# Derivative/Integral proof

1. Jan 28, 2009

### JG89

1. The problem statement, all variables and given/known data

Prove that if f(x) is continuous and $$f(x) = \int_0^x f(x) dx$$, then f(x) = 0.

2. Relevant equations

3. The attempt at a solution

If $$f(x) = \int_0^x f(x) dx$$, then by integrating by the FTC we have f'(x) = f(x). Thus the only solution to this equation will have the form $$f(x) = ce^x$$ for some constant c. Now, $$f(x) = \int_0^x f(x) dx = f(x) - f(0)$$, implying that f(0 = 0. So since we know the solution to the equation will be $$f(x) = ce^x$$ then we have $$0 = f(0) = ce^0 = c$$, implying that c = 0. Thus f(x) = 0. QED

Is this correct?

2. Jan 29, 2009

### Staff: Mentor

I'm confused by two things:
1. Your use of x in one of the limits of integration and as the dummy variable in the integral. It would be better to use different variables.
2. Your use of ' (as in dx'). Is this supposed to mean the derivative with respect to x of the definite integral?
Based on these points, I believe you are saying that
$$f(x) = \frac{d}{dx}\int_0^x f(t)dt$$

Now maybe I've missed something in how I've interpreted your problem, but the equation just above is true for every function f that is continuous on [0, b], and where 0 <= x <=b, per the FTC, so it does not follow that f(x) is identically 0.

3. Jan 29, 2009

### JG89

Oops, let me retype the question:

Prove if f(x) is continuous and $$f(x) = \int_0^x f(x) dx$$ then f(x) = 0.
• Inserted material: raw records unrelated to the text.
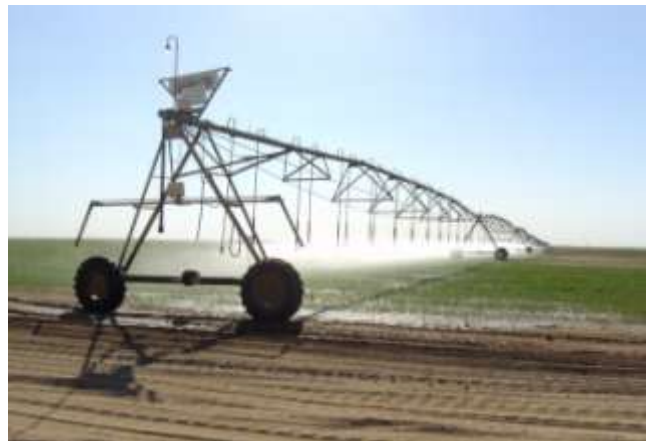
Centre-pivot irrigation, Algeria

And finally, also missing in our calculations is the recent wave of land grabbing that is now handing millions of hectares of fertile farmland to large corporations and depriving tens of thousands of farming communities of their livelihoods. Today's massive land grab took off only in the last decade and has yet to be captured in the official statistics.
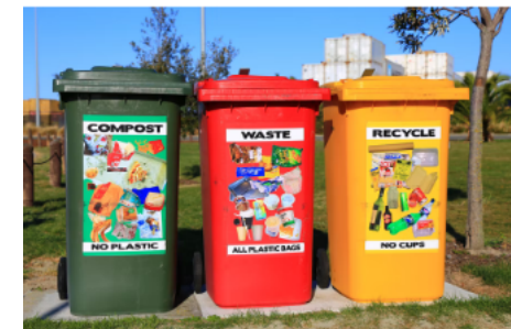
окружающая среда akrooZHAYushchaya sriDA the environment
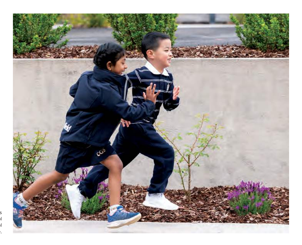
(Right and below) Our ELC students now have a uniform in keeping with School colours and style while still being functional and comfortable.
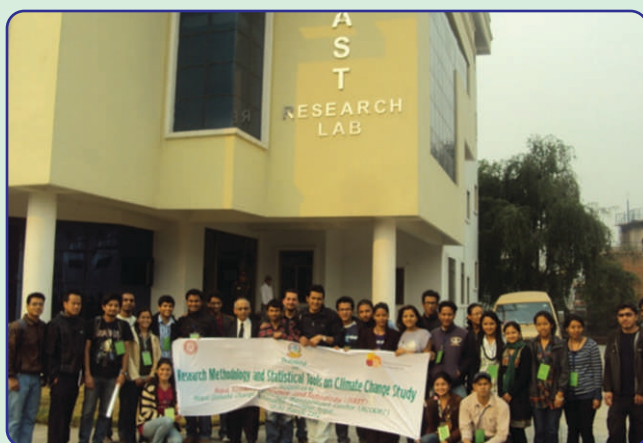
Climate Change Research Training, 2012
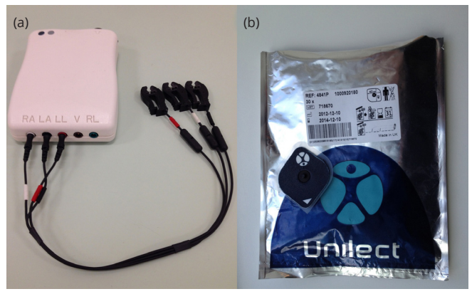
Figure 1 (a) Three lead electrocardiogram module box which is connected to a Medrad® Veris MR Monitor (Bayer HealthCare AG, Leverkusen, Germany). The leads are connected to the ECG box and the box is connected to the main monitoring unit using an optical cable; (b) The MRI conditional electrodes (Unilect™ 4841P ECG electrodes, Unomedical Ltd., Stonehouse, Great Britain).

The applied MRI scanner was a Siemens Skyra 3.0 Tesla (Software release VD11, Siemens Healthcare AG, Erlangen, Germany) using the standard Siemens 32 channel spine receive coil. The patients entered the scanner in the supine position with their heads first. In order to safely monitor the health of the patients during the scan, a Medrad® Veris MR Monitor with a concomitant three lead ECG system (Bayer HealthCare AG, Leverkusen, Germany) was used in conjunction with MRI conditional electrodes (UnilectTM 4841P ECG electrodes, Unomedical Ltd., Stonehouse, Great Britain). An image of the ECG box and electrodes can be seen in Figure 1.

That's the question, and the mark beside the dx was only a comma, it wasn't meant to denote the derivative of the integral. So now that I fixed the question, isn't f'(x) = f(x)? And so f(x) = ce^x, but 0 f(0) = ce^0 = c and so c = 0 and f(x) = 0.

4. Jan 29, 2009

### Dick

You still may be causing some confusion by having the dummy variable of integration be the same as the limit, but I get what you are saying. I think that proof is ok. As f is the integral of a continuous function it's differentiable.

5. Jan 29, 2009

### Staff: Mentor

Same here.

6. Jan 29, 2009

### JG89

Ugh, I meant to change the variable of integration to t but I forgot! Sorry, and thanks for checking my work.